Locarno 18: A LAND IMAGINED von Yeo Siew Hua (Wettbewerb)

«Eigentlich sind wir demnach jetzt in Malaysia!» meint die junge Frau zu Wang. Die beiden liegen auf dem Sand am Meer in Singapur, am Rande einer riesigen Landgewinnungsbaustelle.

Wang Bi, ein chinesischer Arbeiter, der für eine dieser Baustellen Lastwagen fährt, hat ihr erklärt, dass der benötigte Sand für den Ausbau der Singapurer Landzone von überall komme. Er werde in Malaysia angekauft, in Kambodscha, in Vietnam, zum Teil wohl auf dem Schwarzmarkt.

Es ist ein starkes Bild, das schon der Titel dieses Films evoziert. Und Yeo Siew Hua spielt damit in allen Variationen. Neben dem offensichtlichen, von Menschen gebauten Land, das der Stadtstaat Singapur dem Meer abkämpft – beziehungsweise abkämpfen lässt – gibt es weitere imaginierte Länder in diesem träumerischen Film.

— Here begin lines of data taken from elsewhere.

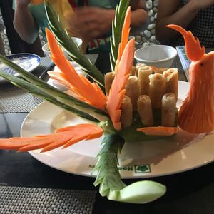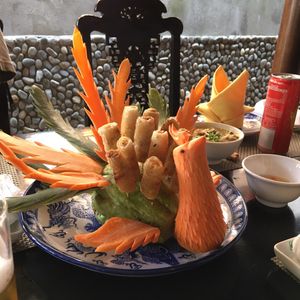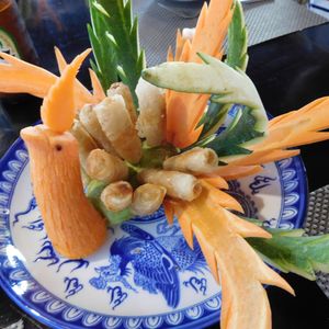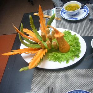 ガイドさんのご説明は、不明瞭な点も多く若干解り辛かった感はぬぐえませんが、フエでの宮廷料理は、見た目も華やかでとても美味しく感じられました。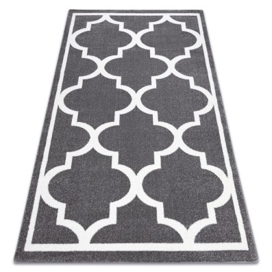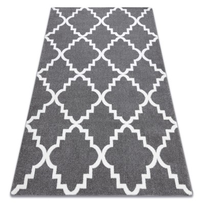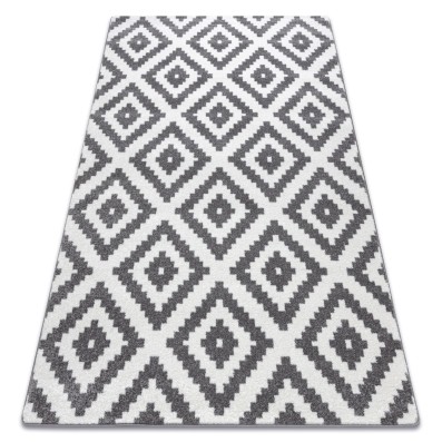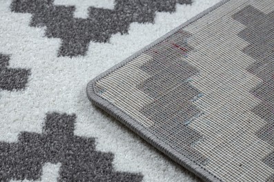 Szaro-biały dywan z wyrazistym geometrycznym wzorem, który doda salonowi nowoczesny charakter i stanowi doskonały punkt centralny wnętrza.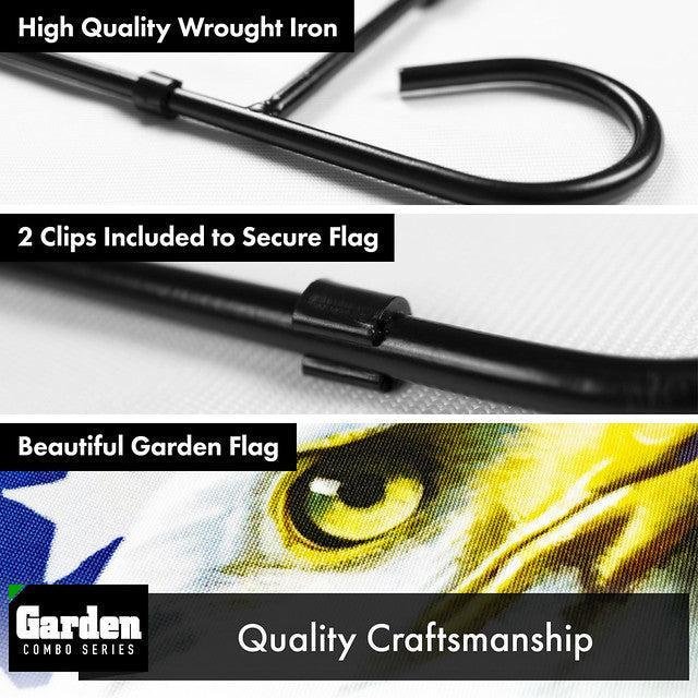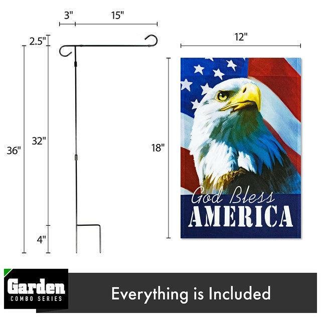 Combo Pack Garden Flag Stand Black 36x16 Inch & Garden Flag God Bless America USA Flag with Eagle 12x18 Inch
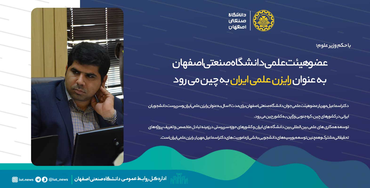 عضو هیئت علمی دانشگاه صنعتی اصفهان به عنوان رایزن علمی ایران به چین می رود

Da ist die Ego-Shooter-Welt im Cybercafé, in dem sich Wang Bi seine Schlaflosigkeit um die Ohren schlägt.

Da sind die Welten, von denen der Polizeidetektiv Lok als Kind geträumt hat, und die er dann als Erwachsener in der Realität angetroffen hat. Und da ist die Welt von Wang Bi, in die der Polizist nun selber eintaucht im Traum, weil der Chinese und sein Lastwagen verschwunden sind.

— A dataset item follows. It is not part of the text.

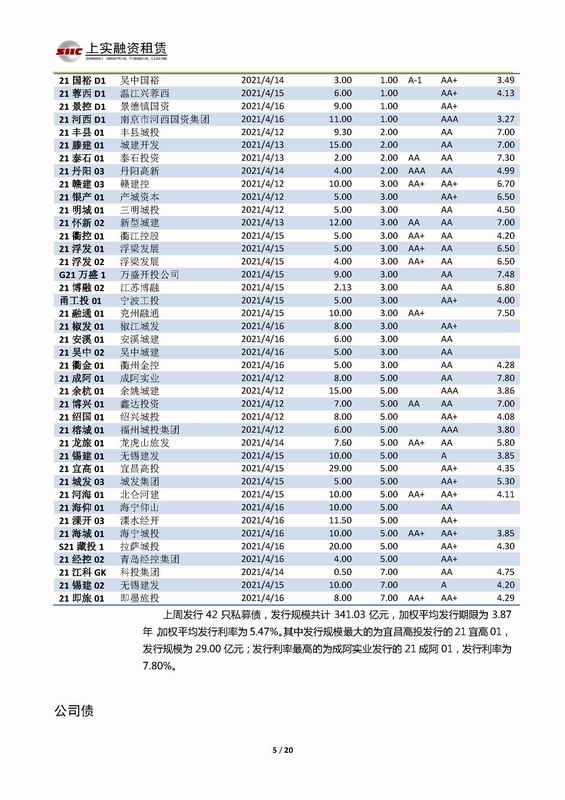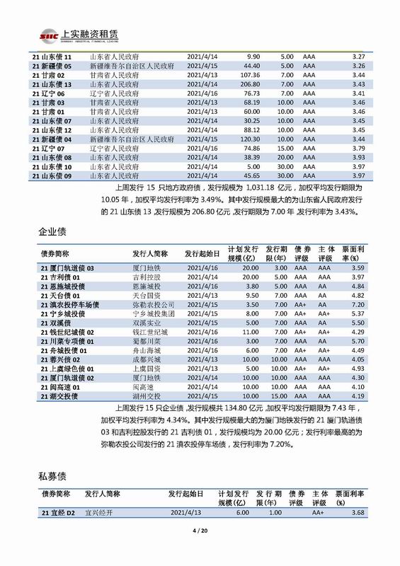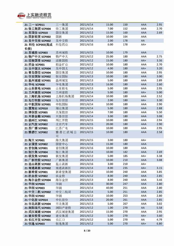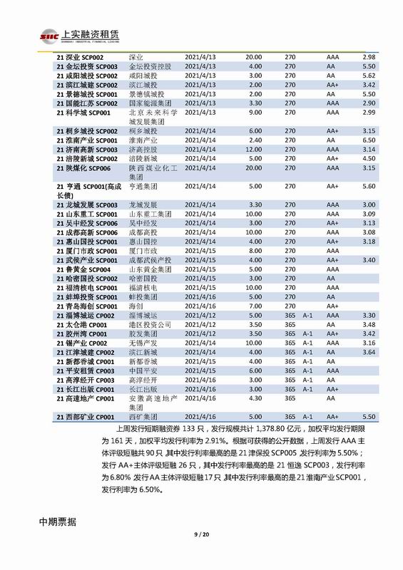 | 當(dāng)前位置:新聞中心 > 上實-融資工具周報2021.4.12-2021.4.16 | |||||

In Anlehnung an die britische Fernsehserie könnte A Land Imagined auch «The Dreaming Detective» heissen. Der sanfte, melancholische Polizist erinnert an Filmfiguren von Wong Kar Wai, der ganze Film auch ein wenig an den frühen Wim Wenders.

Es ist eine bestechende Mischung aus Mystery-Thriller, dokumentarischem Einblick in die ausbeuterische Welt dieser Grossbaustellen, und verhaltener Liebesgeschichte.

Wang Bi trifft unter anderem unter den Arbeitern aus Bangladesh auf den hilfsbereiten Ajit, der Kopf und Kragen riskiert, weil er unter den Arbeitern immer wieder Solidarität einfordert und sogar Streiks organisiert. Und im Cybercafé trifft er eben auf die junge Frau, welche da Dienst schiebt zwischen den Computern.

Wang Bis Geschichte wird in einer Art Rückblende erzählt, die wiederum als Traum des Polizisten eingeführt wird. So entsteht eine Detektiv-Rahmenhandlung um das Verschwinden von Wang Bi, der seinerseits das Verschwinden von Ajit aufzuklären versuchte.

Dass die Baufirma die Pässe der Arbeiter einzieht, um ihre Abreise vor Ablauf der vereinbarten Zeit auf der Baustelle zu verhindern, ist dabei nur eine von vielen illegalen und ausbeuterischen Machenschaften, die der Film so neben bei zeigt.

A Land Imagined wird seinem Titel gerecht, auch wenn da mehr als nur eine Welt imaginiert wird. Alle beiben sie fragmentarisch, genau so wie die filmische Realität, die wir immer nur ansatzweise zu fassen bekommen.

Musik und Bilder schaffen das Kunstück, immer wieder dokumentarisch und entrückt zugleich zu wirken, der Film träumt sich von Figur zu Figur, von Realität zu Realität und von Vorstellung zu Vorstellung. Starkes Kino in kompakten 95 Minuten.